There is no necessity for the Diamond Fuel rule now, since the Court is given power under s. 471A to approve the performance or exercise of a function or power as an officer of the company; Mr Innes did not apply for such approval.
We should add that Mr Innes has relied on a comment in Aetna Properties Pty Ltd v. G A Listing & Maintenance Pty Ltd (1994) 12 A.C.L.C. 404 to establish that a director’s residual power to appeal against a winding-up order remains, despite the enactment of s. 471A. Although this decision was given after s. 471A was inserted by s. 68 of Act No. 210 of 1992 and became effective on 23 June 1993, the judge relied on Arafura Finance Corporation Pty Ltd v. Kooba Pty Ltd (No. 2) (1988) 6 A.C.L.C. 200, a case decided before the enactment of s. 471A, to conclude that the director’s power existed.
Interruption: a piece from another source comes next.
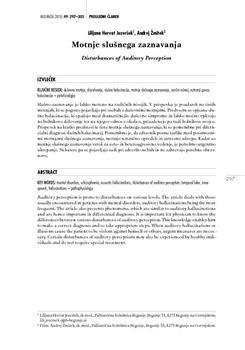 Horvat Jezeršek, Lilijana, Žmitek, Andrej. "Motnje slušnega zaznavanja."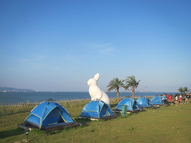 小帐篷在没有海风的时候会比较闷热,第一次露营住的不是很习惯,有点睡不着。

The reasons make no mention of s. 471A. In light of the express words of s. 471A, we do not accept that Aetna establishes that directors have a residual power to appeal against a winding-up order and that no consent of the liquidator or the court is required.
The only question is whether, assuming this Court has power to do so, it should imply, by way of construction of s. 471A(1), an additional exception, "(e) An appeal against a winding-up order". No ground on which such a judicial amendment of the terms of the section might be made has been suggested and s. 471A(1) must be given its plain effect.
It follows that the purported institution of the appeal was a breach of s. 471A(1) and the appeal must be struck out; Mr Innes must pay the costs of H R & C E Griffiths Pty Ltd in respect of the purported appeal, other than the costs relating to the application for security.